Top of Dataset content

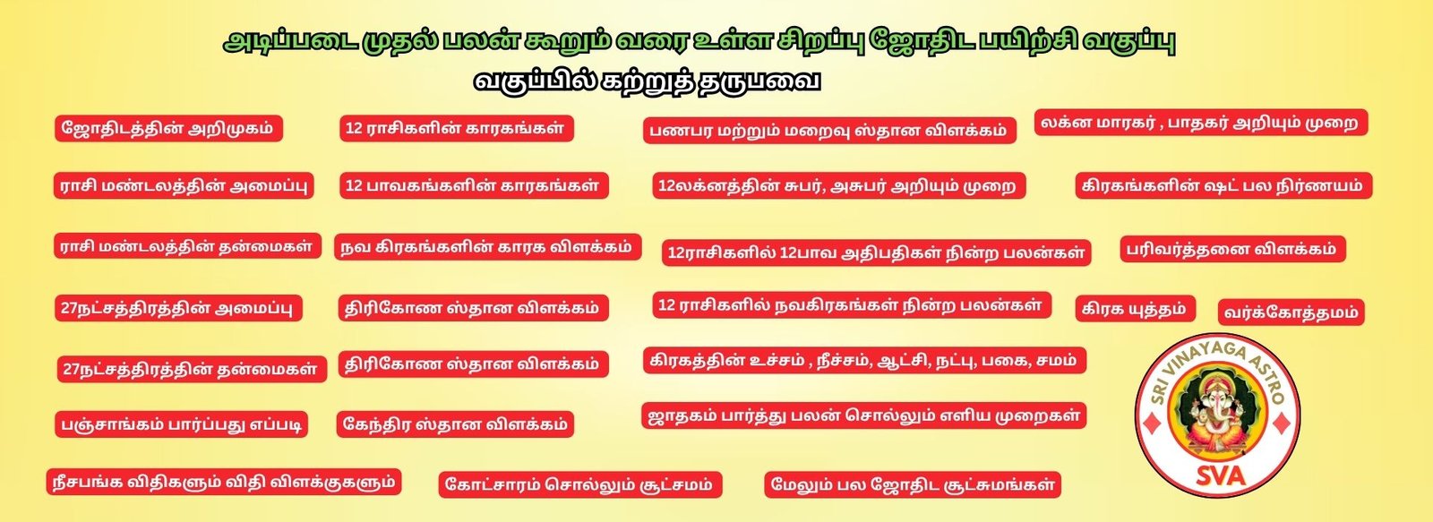 ஜோதிடம் என்பது மனித வாழ்க்கையையும், கிரகங்களின் இயக்கத்தையும் இணைக்கும் ஒரு பழமையான அறிவியல். இந்தக் கலைக்கான அடிப்படை அறிவை கற்றுக்கொள்வதற்காக ஏற்பாடு செய்யப்படும் பயிற்சி வகுப்புகளே ஜோதிடத்தின் அடிப்படை வகுப்புகள் எனப்படுகிறது.
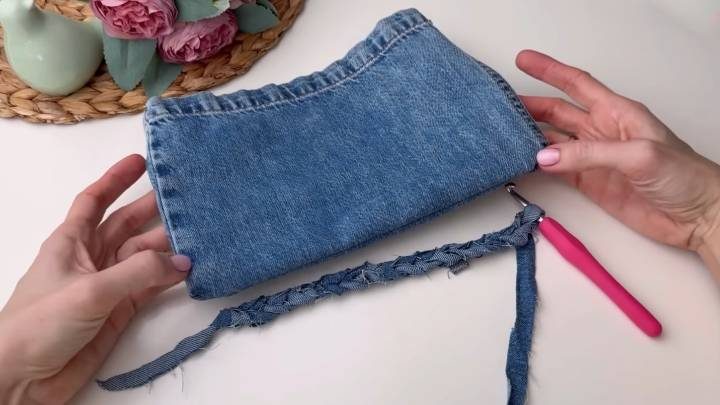 Скорее доставайте старые джинсы, которые пылятся в глубине шкафа, и переделайте их в невероятно красивую вещицу! Всё очень просто и вместе с тем увлекательно. Помимо джинсов, вам необходимо подготовить крючок для вязания подходящего размера.
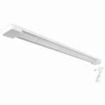 Commercial Electric’s 3 ft. Single LED Utility shop light uses 30-Watts and comes fully assembled with an ultra-light weight, sleek, modern design that can be used in hanging or flush mount installations. This LED Light lasts up to 50,000-hours and emits a bright light of 3000 lumens which is equivalent to a standard 2 lamp fluorescent fixture. This no-humming LED Shop Light offers instant full brightness to any dark area even in sub-zero temperatures. The light weight and durable smooth edge polycarbonate housing and back plate provides the light you need by simply plugging in with the included 5 ft. cord. There are no lamps to dispose of or replace with this 3 ft. 1 lamp LED shop light, making it ideal for any garage, game room, basement, work bench, closet or cabinet. This shop light can be hung with the two included 6 in. hanging chains or flush mounted with the included mounting screws.
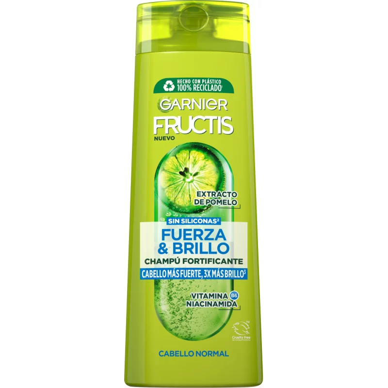 El champú Fructis Fuerza y Brillo es un champú fortificante enriquecido con esencia de pomelo y vitaminas B3 y B6 para limpiar, fortificar y tonificar la fibra del cabello desde la raíz.
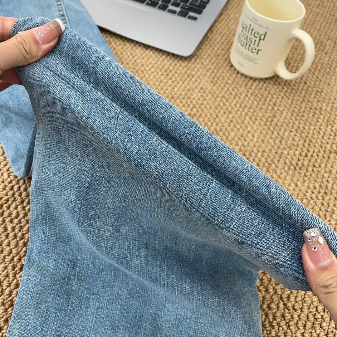 一镜到底看看细节!真正专业专一做牛仔的大厂货质感真的不一样高腰裤型,整个脚口都是净边收边的,没有一点偷工减料细节这个出厂价是真的香!
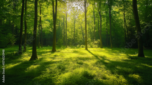 Lush green forest with sunlight streaming through the trees casting soft shadows on the forest floor, creating a serene atmosphere
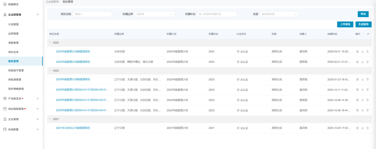 企业可将历年已经做过的碳盘查报告上传至系统内,在系统内进行数据留存,以保证企业历年碳盘查数据的完整性。上传报告时,同样是会生成一份报告数据,数据来源为自行上传;平台生成的报告的数据来源为系统生成。
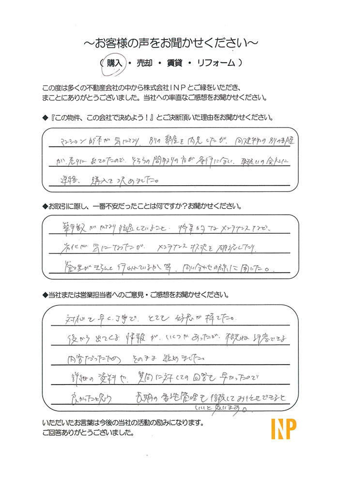 マンション自体が気になり別の部屋を内見したが、同建物の別の部屋が売りに出ていたので、そちらの間取りの方が条件に合い、取扱いの会社に連絡、購入を決めました。
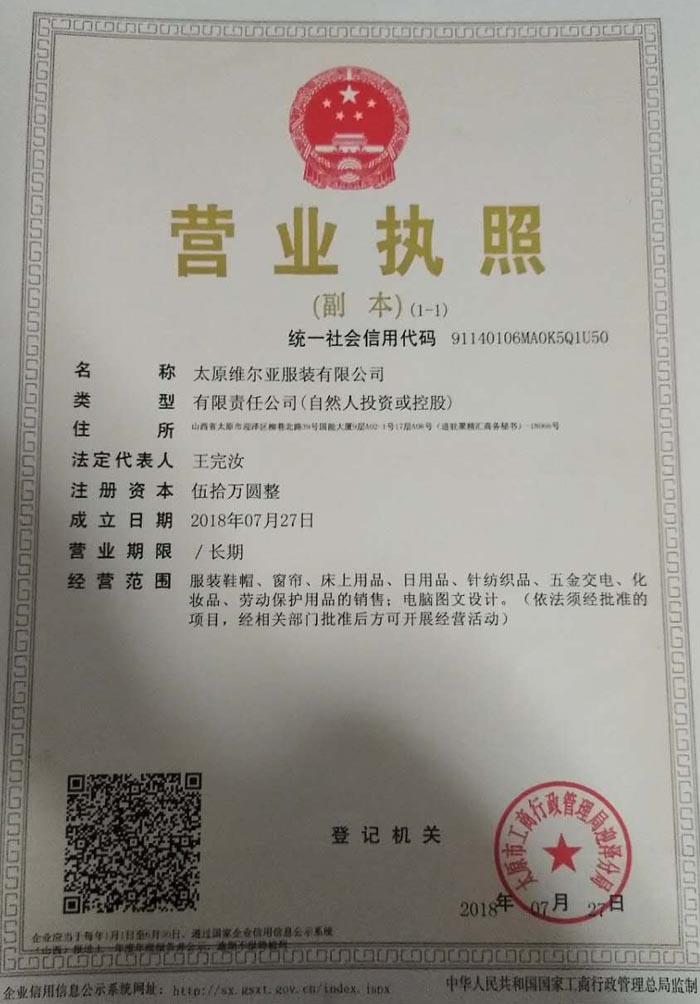 >> 資質證書 太原維爾亞服裝有限公司 - www.www.sjmww.com
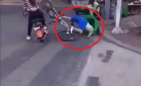 Mải ngắm gái xinh, thanh niên ngã đâm đầu vào thùng rác
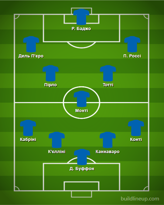 Захисники: Антоніо Кабріні (народився в 1957 р.), Джорджо К’єлліні (народився в 1984 р.), Фабіо Каннаваро (народився в 1973 р.), Бруно Конті (народився в 1955 р.).
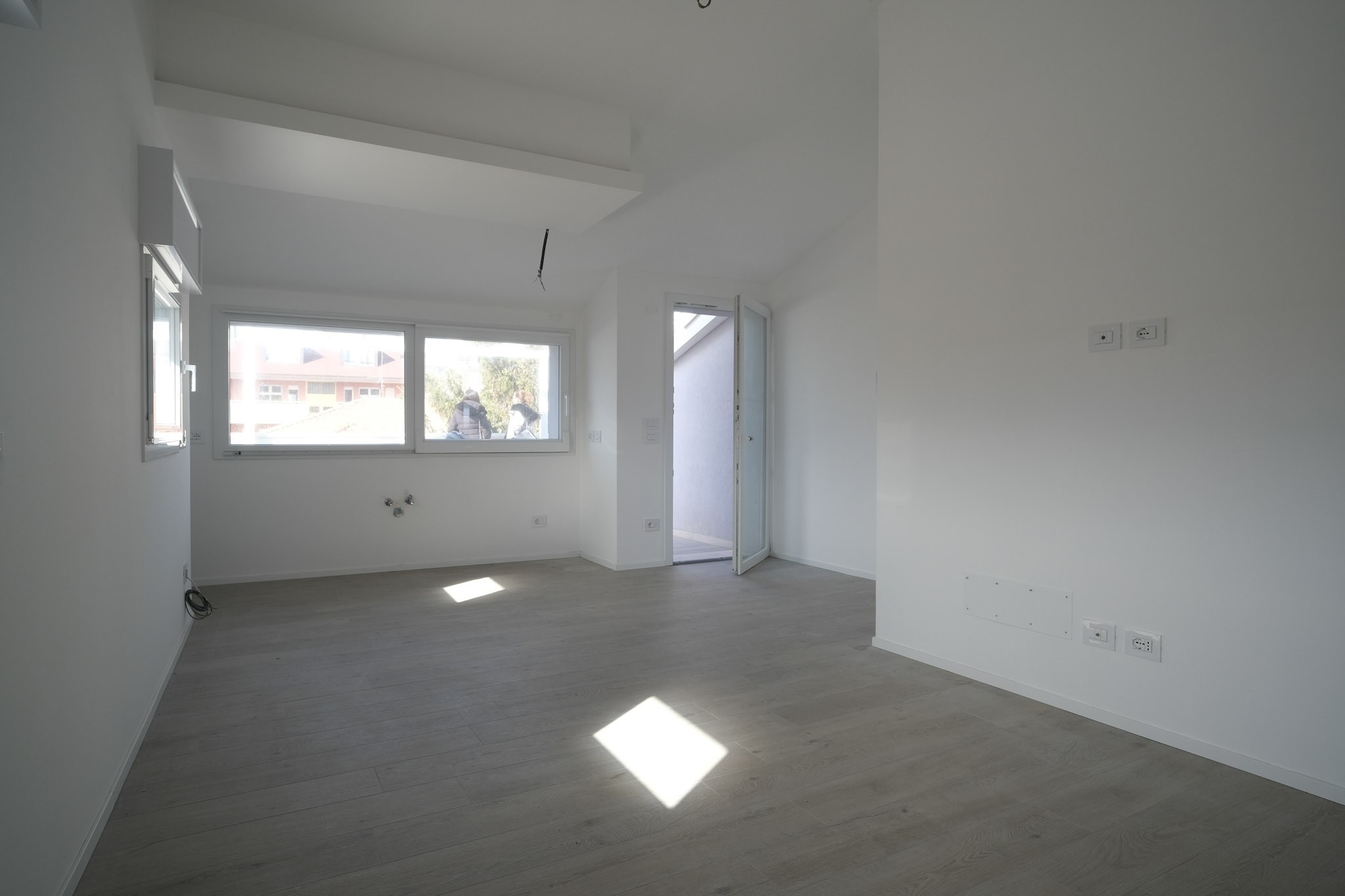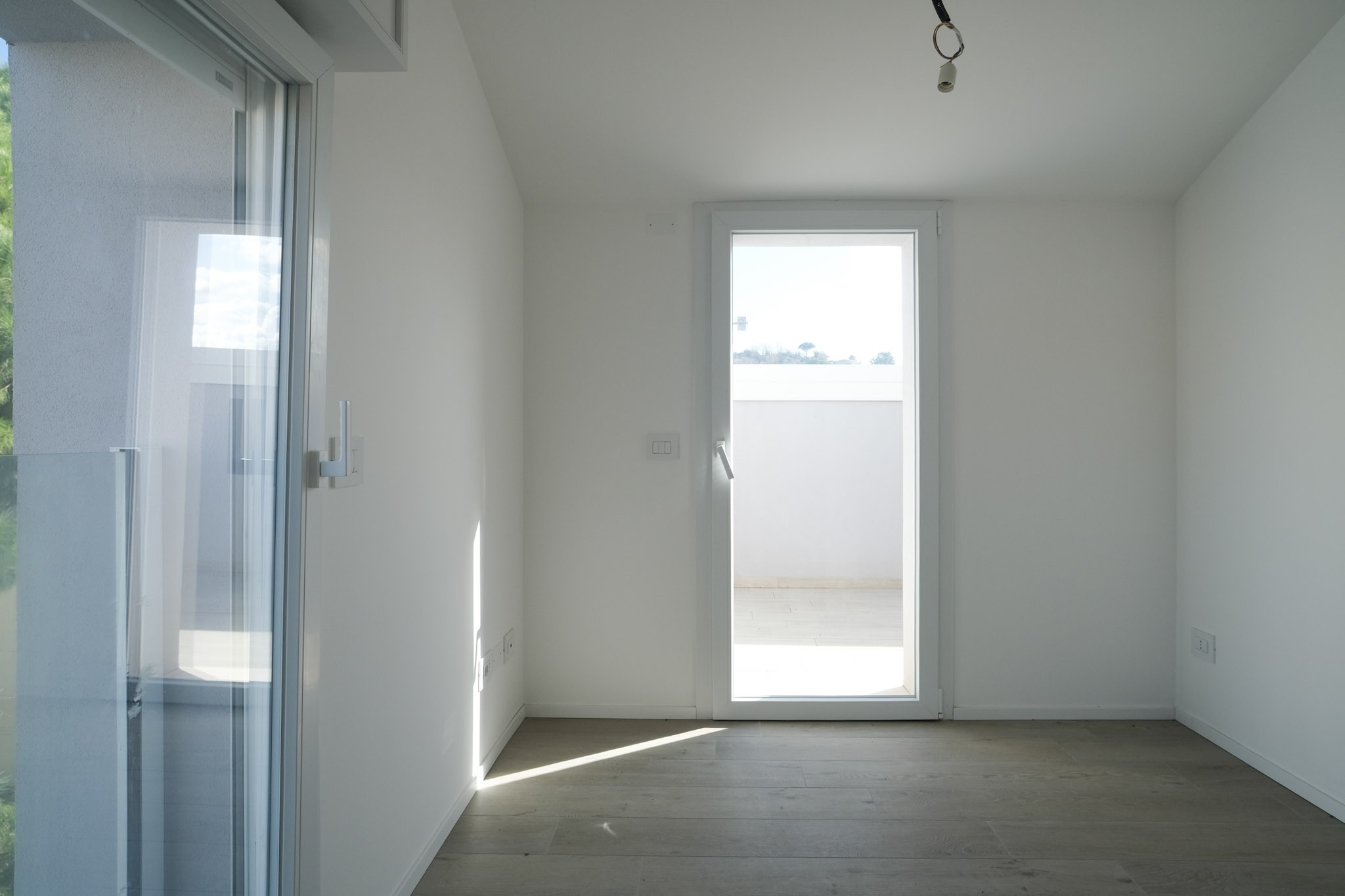 L'appartamento, caratterizzato da profili eleganti, è dotato di accogliente soggiorno-pranzo con predisposizione per cucina a vista, e splendido terrazzo abitabile di 33 Mq ideale per pranzi all'aperto, momenti di relax o per creare una zona leaving esterna.

Bottom of Dataset content

# Try it
Go to the line that contains "一镜到底看看细节!真正专业专" and copy it and every line after it through the end of the entries, exactly, without the pictures.

# Response below
 一镜到底看看细节!真正专业专一做牛仔的大厂货质感真的不一样高腰裤型,整个脚口都是净边收边的,没有一点偷工减料细节这个出厂价是真的香!
 Lush green forest with sunlight streaming through the trees casting soft shadows on the forest floor, creating a serene atmosphere
 企业可将历年已经做过的碳盘查报告上传至系统内,在系统内进行数据留存,以保证企业历年碳盘查数据的完整性。上传报告时,同样是会生成一份报告数据,数据来源为自行上传;平台生成的报告的数据来源为系统生成。
 マンション自体が気になり別の部屋を内見したが、同建物の別の部屋が売りに出ていたので、そちらの間取りの方が条件に合い、取扱いの会社に連絡、購入を決めました。
 >> 資質證書 太原維爾亞服裝有限公司 - www.www.sjmww.com
 Mải ngắm gái xinh, thanh niên ngã đâm đầu vào thùng rác
 Захисники: Антоніо Кабріні (народився в 1957 р.), Джорджо К’єлліні (народився в 1984 р.), Фабіо Каннаваро (народився в 1973 р.), Бруно Конті (народився в 1955 р.).
 L'appartamento, caratterizzato da profili eleganti, è dotato di accogliente soggiorno-pranzo con predisposizione per cucina a vista, e splendido terrazzo abitabile di 33 Mq ideale per pranzi all'aperto, momenti di relax o per creare una zona leaving esterna.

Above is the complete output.